I don't agree. The foreigners are not "supposed" to dominate the KHL like they currently are. 14 out of top 20 scoring KHL-defensemen being not Russian is not acceptable.

I am not opposed to a strong foreign participation in the KHL. Vice versa. The KHL should get as many good players as possible regardless of their nationality.

But what the current situation is showing is the lack of good Russian players. Russia used to be a lot stronger hockey nation in the 2000's and especially in the 1990's than it is in the 2010's. Russia has never had as few good players as it has now.
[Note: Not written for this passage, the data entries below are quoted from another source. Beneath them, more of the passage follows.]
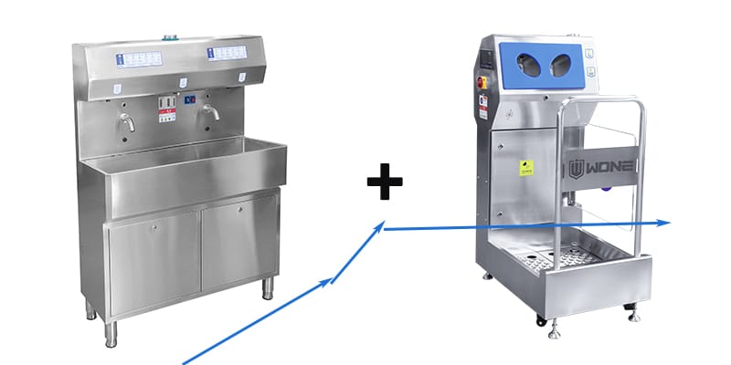Applicable scenarios: Wash, disinfect, and dry hands before entering work, mandatory brushing of work shoe soles, and mandatory disinfection of hands and work shoe soles.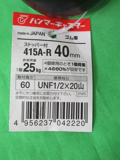 8個セット 未使用 ハンマーキャスター 415A-R ストッパー付ゴム車 40mm 許容荷重25kg 車輪 アウトレット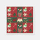 CHRISTMAS BLOCKS-PAPER PARTY NAPKINS-An allover background pattern created with red and green blocks trimmed with digital stitching. The block colours alternate. The square stitching is white. Inside each block is a Christmas themed element or two. Santa, snowman; glittered deer and a snowflake are filling a few of the squares. It’s a fun, playful holiday pattern. Choose any style/size of Zazzle paper napkins.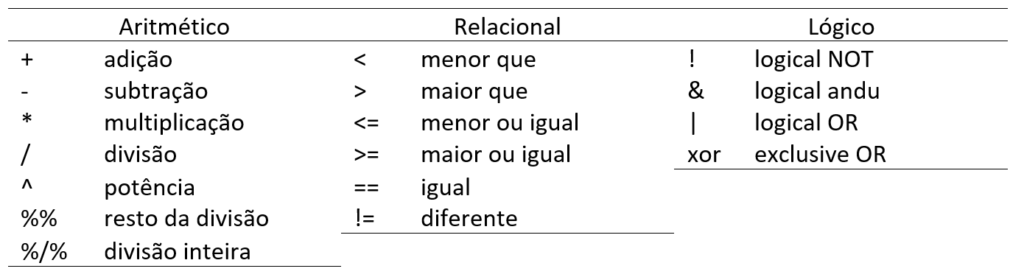 Na linguagem R, assim como em outras linguagens de programação, há os operadores, que podem ser classificados em: aritméticos, relacionais (comparações) e lógicos (Paradis, 2005, p. 25), conforme a Tabela 11.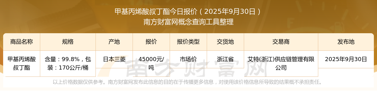 2025年9月30日甲基丙烯酸叔丁酯市場(chǎng)價(jià)報(bào)價(jià)查詢及近期市場(chǎng)價(jià)報(bào)價(jià)走勢(shì)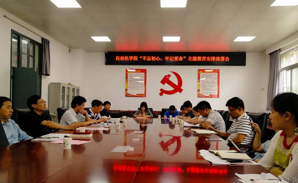 【自动化学院党委】9月12日中午,自动化学院召开“不忘初心、牢记使命”主题教育安排部署会,学院党委委员、处科级干部、支部书记、系部主任参加会议,第一巡回指导组组长、纪委副书记刘进海参加会议,院长王文庆主持会议。副院长屈军锁领学习近平总书记在“不忘初心、牢记使命”主题教育工作会议上的重要讲话精神。党委书记刘国营传达了学校党委理论学习中心组(扩大)学习会议精神,对学院“不忘初心、牢记使命”主题教育进行了安排部署。刘进海解读了《关于开展“不忘初心、牢记使命”主题教育巡回指导工作的实施方案》,并就做好主题教育提出三点要求:一是提高政治站位,增强责任担当,把思想和行动统一到习近平总书记的重要讲话精神和中省的决策部署上来;二是学院党委要精心组织,扎实推进,牢牢把握主题教育目标要求,把主题教育各项要求落到实处;三是夯实工作责任,落实领导责任,突出真抓实干,做到统筹兼顾,确保主题教育全面取得扎实成效。参会人员表示将严格按照学校和学院的安排部署,把开展“不忘初心、牢记使命”主题教育与落实立德树人根本任务相结合,与推动学院追赶超越相结合,以扎实的工作成效助推学校建设发展。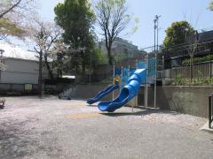 斜面を利用した遊具は、子どもたちに大人気。付近はかつての古墳跡ともいわれています。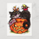 Halloween greeting card. Black cats and spiders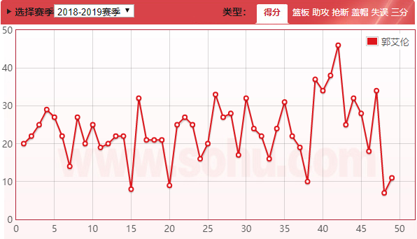 第三:超强的得分能力,郭艾伦的得分能力后卫之中无人能及。郭艾伦进攻无死角,凭借超快的速度和控球技术结合,突破如入无人之境,是现役本土后卫中的佼佼者。2019-20赛季没打完,我们看下2018-19赛季郭艾伦单场数据: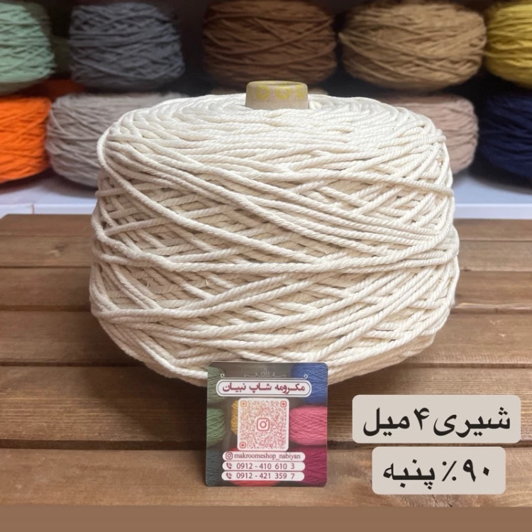 نخ مکرومه بافی سفید و شیری 4میل (150 گرمی)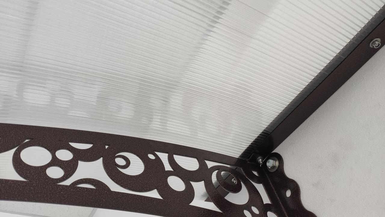 Виготовлений з високоякісного полікарбонату, цей навіс є міцним та стійким до ультрафіолетових променів, що забезпечує тривалий термін служби без вигорання або пошкоджень. Полікарбонат також має високу прозорість, дозволяючи достатньо природного світла проникати до входу.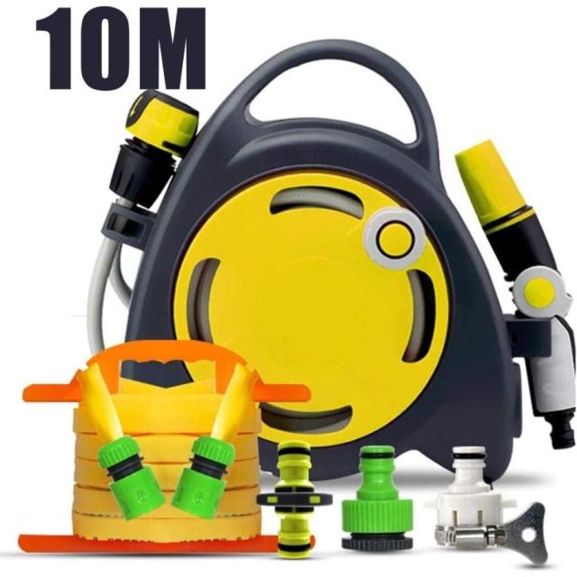 ホースリール 水道ホース 壁掛け式 ホースパイプリール 10m 自動巻き戻し 散水ホース 庭用軽量ホースリール 壁ガーデンホースリール 多機能 洗車水ガンセット ホ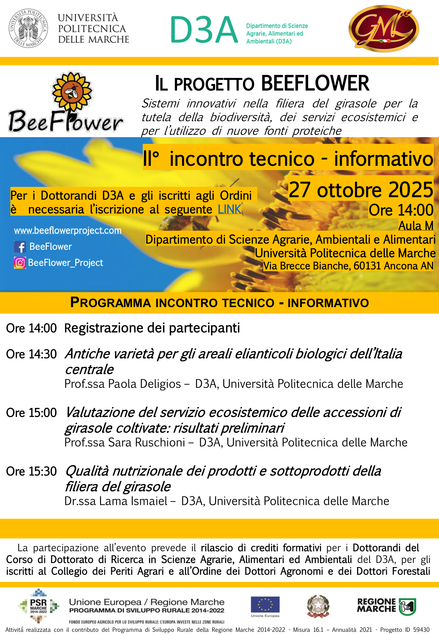 Siete invitati a partecipare al Secondo Incontro tecnico-informativo del Progetto BEEFLOWER. L'incontro si terrà il 27 ottobre 2025 alle ore 14:00 presso il Dipartimento di Scienze Agrarie, Ambientali e Alimentari dell' Università Politecnica delle Marche (Via Brecce Bianche, 60131 Ancona AN) in Aula M. La partecipazione all’evento prevede il rilascio di crediti formativi per i Dottorandi del Corso di Dottorato di Ricerca in Scienze Agrarie, Alimentari ed Ambientali del D3A, per gli iscritti al Collegio dei Periti Agrari e all’Ordine dei Dottori Agronomi e dei Dottori Forestali Per i Dottorandi D3A e gli iscritti agli Ordini è necessaria l'iscrizione al link . Vi ringraziamo per l’attenzione e vi aspettiamo numerosi! Il Gruppo Operativo BeeFlower. EN - Invito al Secondo Incontro tecnico-informativo del progetto BeeFlower You are invited to participate in the Second Technical-Informative Meeting of the BEEFLOWER Project. The meeting will take place on October 27, 2025, at 2:00 PM at the Department of Agricultural, Environmental and Food Sciences of Marche Polytechnic University (Via Brecce Bianche, 60131 Ancona AN), in Aula M . Participation in the event grants training credits for PhD students of the Doctoral Program in Agricultural, Food and Environmental Sciences D3A, as well as for members of the College of Agrarian Experts and the Order of Agronomists and Forestry Doctors. Registration is required for D3A PhD students and members of the Orders via the following link . Thank you for your attention, and we look forward to seeing you! The BEEFLOWER Operational Group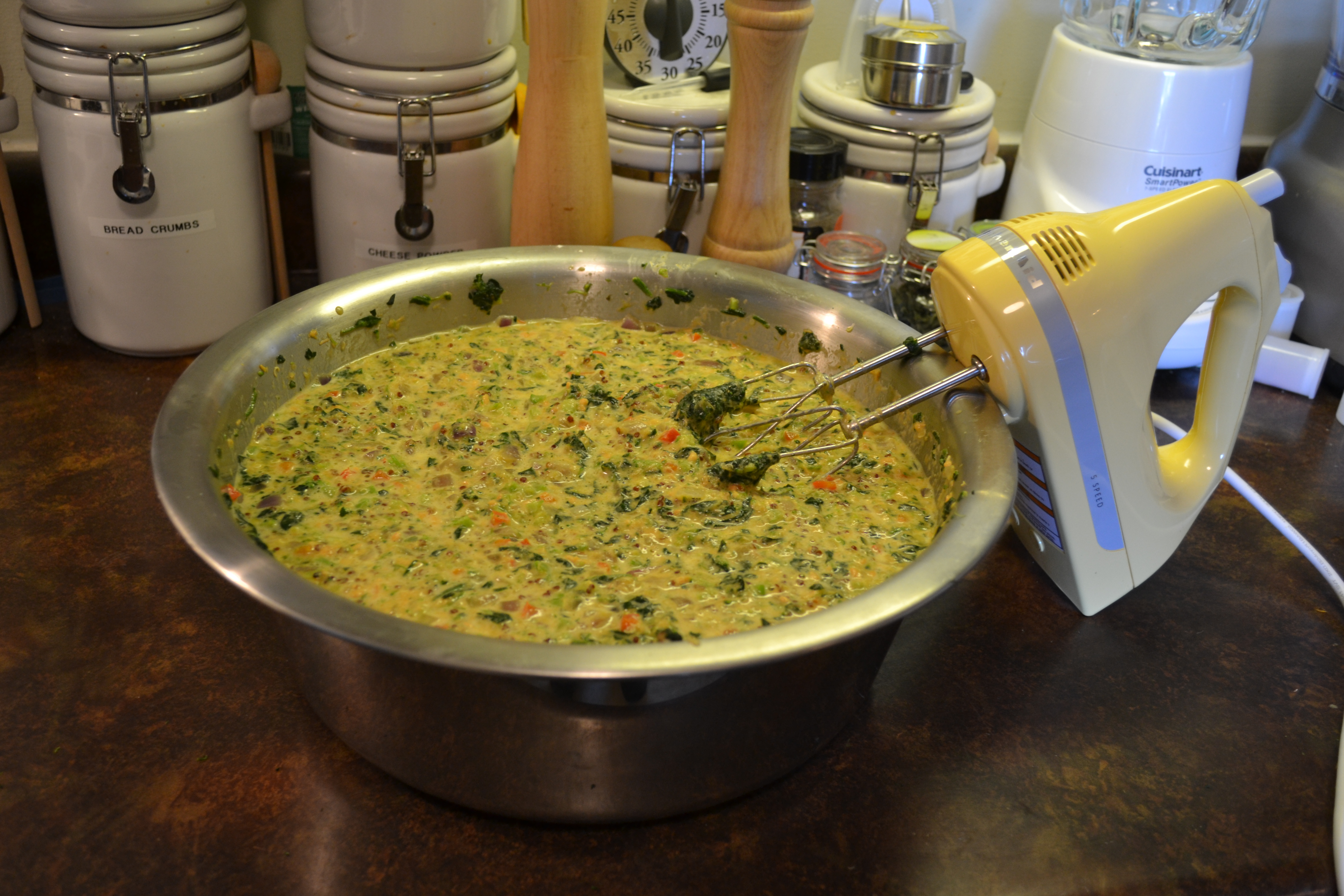 In a large bowl whisk or beat eggs then add milk, salt, pepper & spices.

The lack of Russian talent gives foreign players a dominating role in the KHL. I watched Torpedo play a few days ago and it was noticeable how much better the Torpedo's foreigners Immonen, Hietanen, Wolski and Salminen were than the rest of the team. Without this nucleus of foreign players Torpedo would be a terrible hockey team.

I think the level of play has gone down in the KHL from what it was in the last years of Superleague and first years of KHL (between 2005-2010). The KHL has expanded rapidly which has watered the league down and the number of good Russian hockey players has declined.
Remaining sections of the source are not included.